MERRILLVILLE – “A gem.” “Truly a fabric of this community. “A place that promotes literacy.” “Beyond books.”
Accolades flowed during Friday’s Sneak Peek Gala to introduce the renovated Lake County Public Library along U.S. 30. The 114,159-square-foot building includes 10,542 square feet of increased space at a cost of $10.5 million. By repurposing and recycling materials, the project saved more than $990,000.
The project was designed by Carras-Szany-Kuhn & Associates to be constructed around the original building. Once the outer shell was finished, the walls inside were demolished. This allowed patrons to continue using the library, said Carol Moore, of the Lake County Public Library Foundation, the organizer of Friday’s gala.
U.S. District Judge Joseph Van Bokkelen and David Wilkinson, president of Strack & Van Til, served as honorary co-chairmen of the invitation-only gala attended by 180 individuals who enjoyed the hors d’oeuvres, carving stations, desserts and musical entertainment.
The event took guests from the main level to the lower and upper levels for refreshments and different types of musical entertainment by local bands, including String Fever playing hammer dulcimers, jazz played by The Billy Foster Trio and blues by Lady Sax.
The event also dedicated a number of new features in the library building that was an 18-month undertaking to reconstruct a new energy-efficient facility while repurposing many areas and resources, Moore said.
One of those dedications was for the Lawrence A. Acheff Gallery in the main level, which displays the library’s original South Shore Line Poster Collection.

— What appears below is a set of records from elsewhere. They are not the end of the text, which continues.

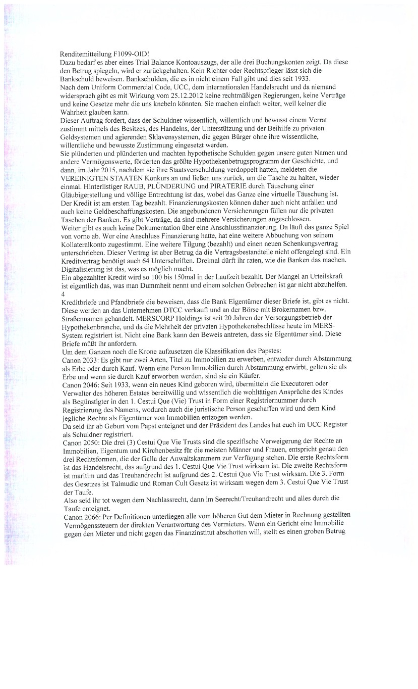 geschlossenen Vertrag abwerten, kontrollieren, entführen, ausrau-ben oder sonstige das Sein des Gegenübers mindernde Straftat begehen. So sind in diesem einheitlichen Handelsgesetz alle Verhaltens-regeln für die Interaktion zwischen Menschen festgesetzt. Wer diesen Regel zuwider handelt, macht sich strafbar! Jeder ehemalige und illegal wirkende Söldner, ob [POLIZEI] oder [MILITÄR], ist lediglich ein selbstschuld-nerisch wirkender Mensch, der sich vor dem Gericht des Common Law verantworten muss, so er gegen den freien Willen des Menschen gegen den er agierte, oder gegen UCCGesetz handelt.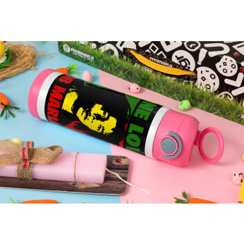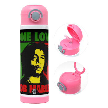Bob marley, one love, Πασχαλινή Λαμπάδα με Παιδικό παγούρι θερμό, ανοξείδωτο, με καλαμάκι ασφαλείας, ΡΟΖ (500ml)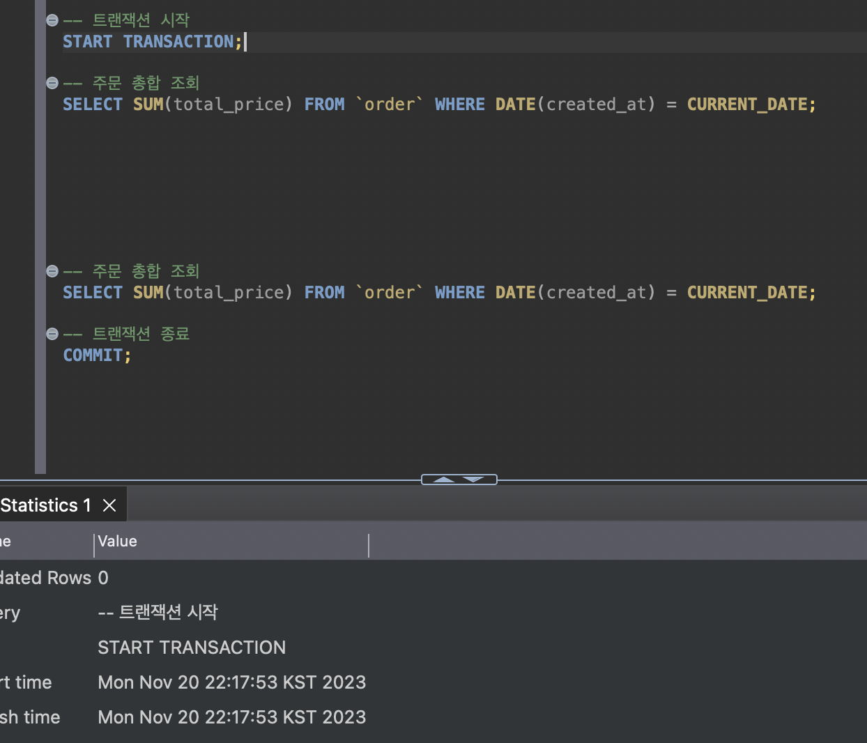 당일 주문 총합을 조회하려는 transaction_b 트랜잭션이 시작되었다고 가정해보자. 트랜잭션이 시작한 시간은 22:17:53이다.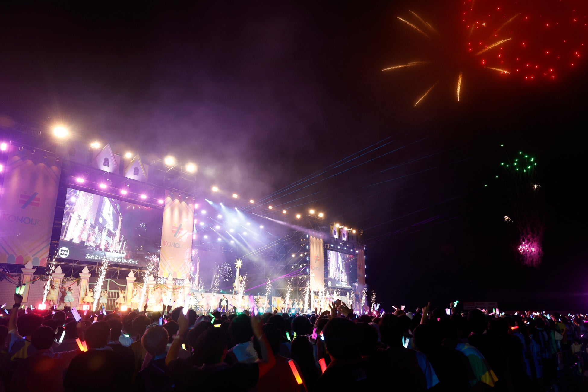 ライブ終盤には3組が集結し、イコノイジョイとしてラストスパートを駆け抜ける。途中のMCでは≒JOY 2周年コンサート「≒JOY 2nd ANNIVERSARY PREMIUM CONCERT」のライブBlu-ray・DVDが12月11日にリリースされること、≠ME 6周年コンサート「≠ME 6th ANNIVERSARY PREMIUM CONCERT」が2025年2月1日に埼玉県・さいたまスーパーアリーナで行われること、=LOVE 7周年コンサート「=LOVE 7th ANNIVERSARY PREMIUM CONCERT」の模様がライブ映画として2025年春に全国公開されることが特報映像を通して明らかに。観客の拍手を浴び、笑顔いっぱいに喜びを語った3組の合同楽曲『トリプルデート』を晴れやかに歌唱。パフォーマンスに合わせて夜空に盛大な花火が打ち上がり、メンバーとファンの心に鮮やかな思い出を刻んだ。アンコール以降も会場を包む特別な幸福感が膨れ上がっていく「イコノイジョイ 2024」。最後は夏の残り香を感じさせるこの季節にぴったりな「夏祭り恋慕う」でライブがフィナーレへと導かれた。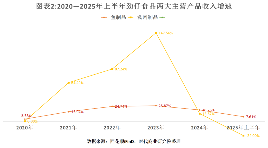尽管如此,今年上半年劲仔食品的鱼制品收入增速已明显放缓。今年上半年,其鱼制品收入为7.57亿元,同比增长7.61%,跟此前的增速相比有所放缓。数据显示,2021—2024年,劲仔食品鱼制品收入同比增速分别为15.94%、24.74%、25.87%、18.76%。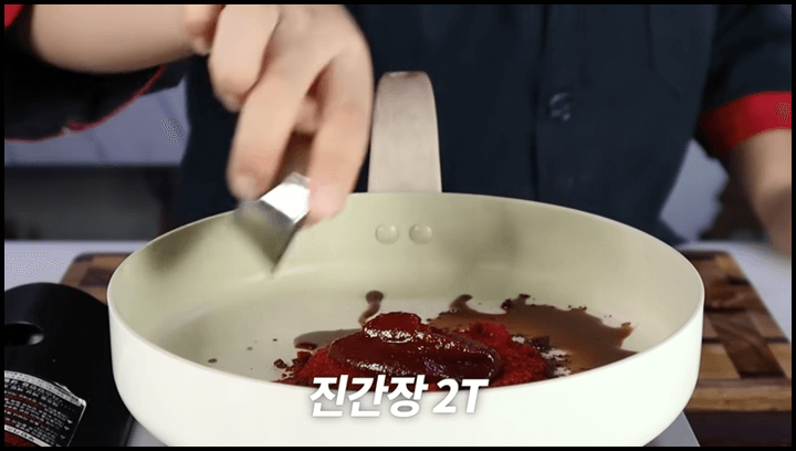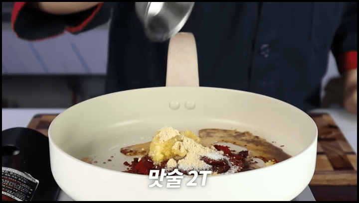 5) 맛술 2큰술을 넣고 약불에서 한번 끓여줍니다. 이렇게 끓여주면 양념장에 불맛도 입혀지고 색도 더 이쁘게 나옵니다.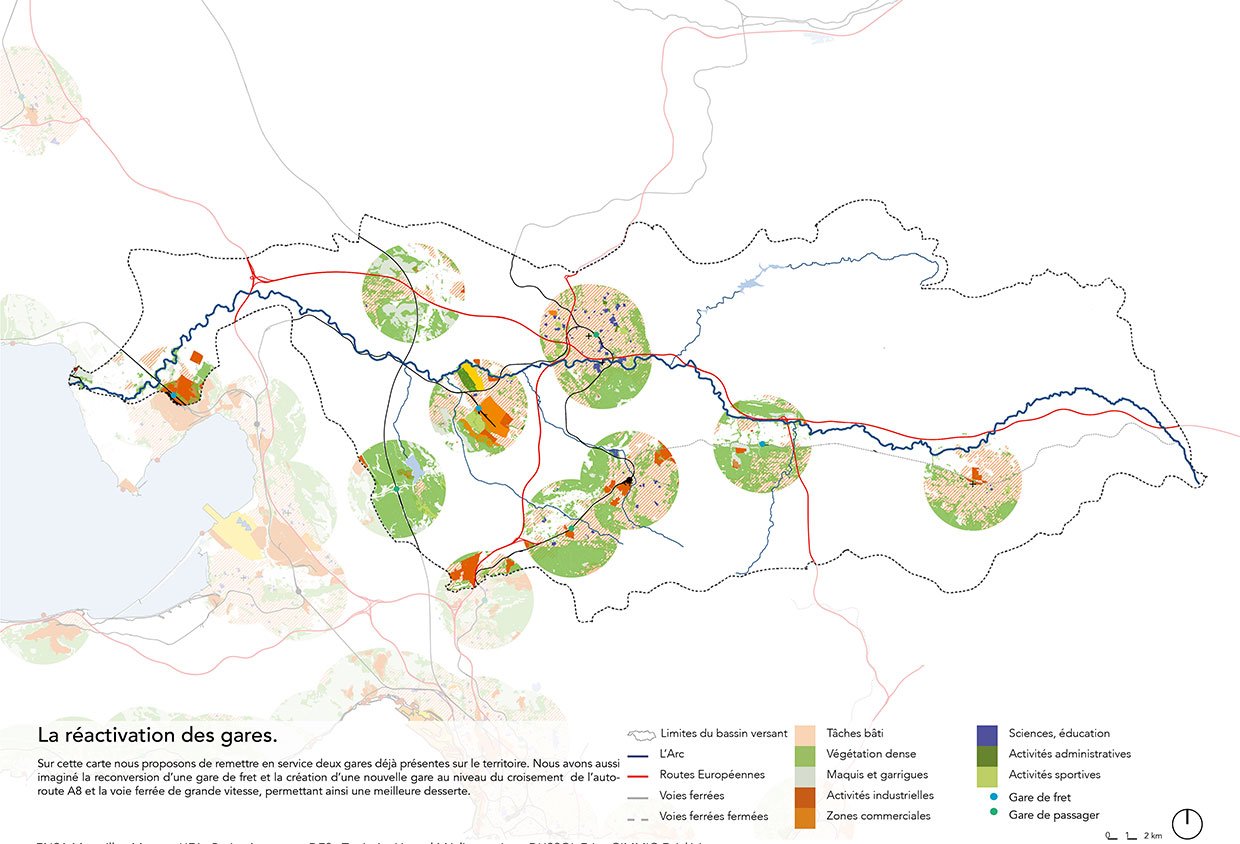 “Dans le cadre du studio de projet, la vallée de l’Arc a constitué pendant un an notre site-laboratoire. 83 kilomètres de longueur entre Pourrières (Var) et Berre l’Etang (Bouches-du-Rhône), 35 affluents, 16 communes traversées et autant de situations à analyser, révéler, magnifier, changer, développer, etc. Il s’est agi, par un travail de révélation, de construire la biorégion urbaine de l’Arc, à l’instar de celle de l’Arno développée par Alberto Magnaghi. Cela nous a permis de poser les jalons d’un système vertueux, dans lequel les modes d’occupation des espaces contigus au fleuve étaient pensés comme les parties d’un tout.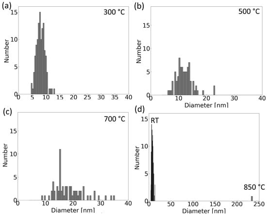 Histograms of the size distribution of particles in the agglomerate in Figure 2 at chosen temperatures: (a) 300 °C, (b) 500 °C, (c) 700 °C, and (d) 850 °C compared to the room temperature. The total number of particles decreases with increasing temperature.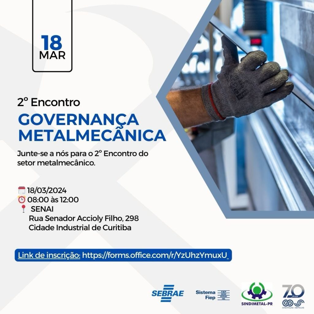 A Governança Metalmecânica é uma iniciativa do SEBRAE/PR– Regional Leste, em parceria com SINDIMETAL/PR, e tem por objetivo promover o desenvolvimento do setor metalmecânico, fortalecendo os atores da cadeia produtiva, com ações estruturantes e estratégicas de crescimento sustentável.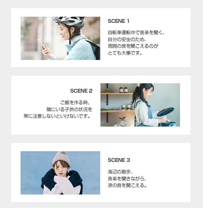 どんな耳の形にもフィットするイヤーカフ構造の骨伝導イヤホンは、一般の耳かけ式と違って、耳介に挟むように装着します。イヤホンが入りにくい耳穴でも問題なし!骨伝導イヤホンは耳をふさがないので、テレワーク?スポーツ?移動中など、全ての場面でながら聴きしながら作業可能です。また、左右完全分離に進化しました。煩わしいネックバンドなどを気にすることなくどんなヘアスタイルでも快適に装着いただけます。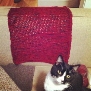 Sure, the knitting is relaxing; napping would be too, but that’s not the point. I am knitting to spite the dandelions. You haven’t licked me! I can go on with my life and my knitting. My battle injuries don’t even slow me down. Tomorrow I’ll come back even more determined than ever and I’ll repel your invasion. You’ll run crying back to my neighbor’s yard, where they seem to be running a dandelion hostel.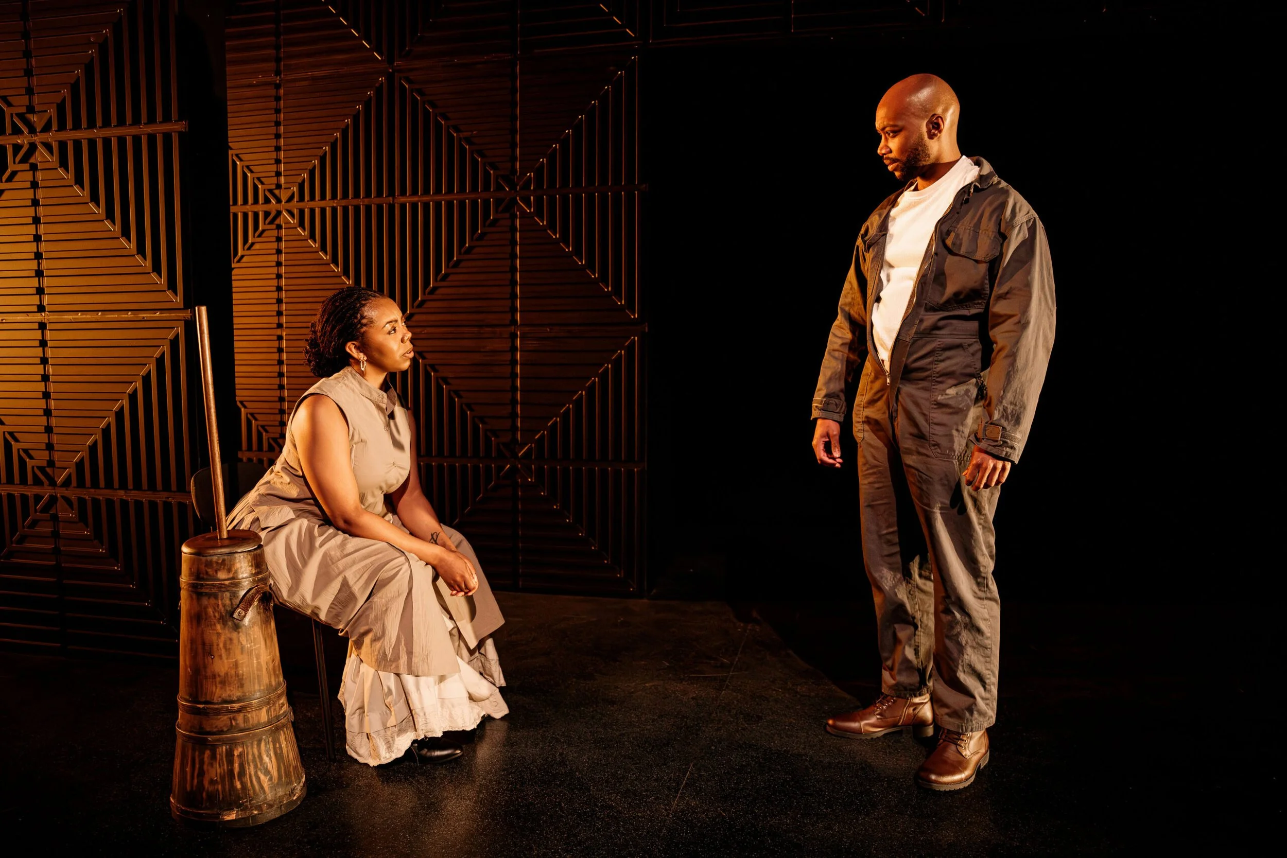 Following the playwright’s request that “scenery should be minimal,” scenic designers Christopher and Justin Swader created a cold, unmoving set comprised mostly of hard, cage-like walls. This, paired with Amanda Fallon’s subdued lighting design, makes for a dark, unfeeling– and inhuman– world inside the museum.

“I was so excited when I found out the library owned these original posters, most from the 1920s,” Moore said.
“Young Readers," a bronze statue donated by the Merrillville Rotary Club, also was dedicated in the newly expanded children’s area. The artist depicted two young children sharing a book while sitting on a park bench.
“The Reader” by Hermann Gurfinkel has been moved to the upper level where it is lighted and “just glows,” Moore said. The large white statue of a woman reclining while reading had been in the original front of the library, but wasn’t often seen by drivers whizzing by on U.S. 30, she said.
Ana Marie Grandfield, library director, said the $10.5 million renovation project had two major purposes — to make the library energy-efficient and to expand and repurpose the space.
“We had to upgrade the HVAC (heating, ventilation and air conditioning) and replace the windows for a ‘green’ building,” she said. “We have also been able to create a Merrillville branch library and a separate administrative office.”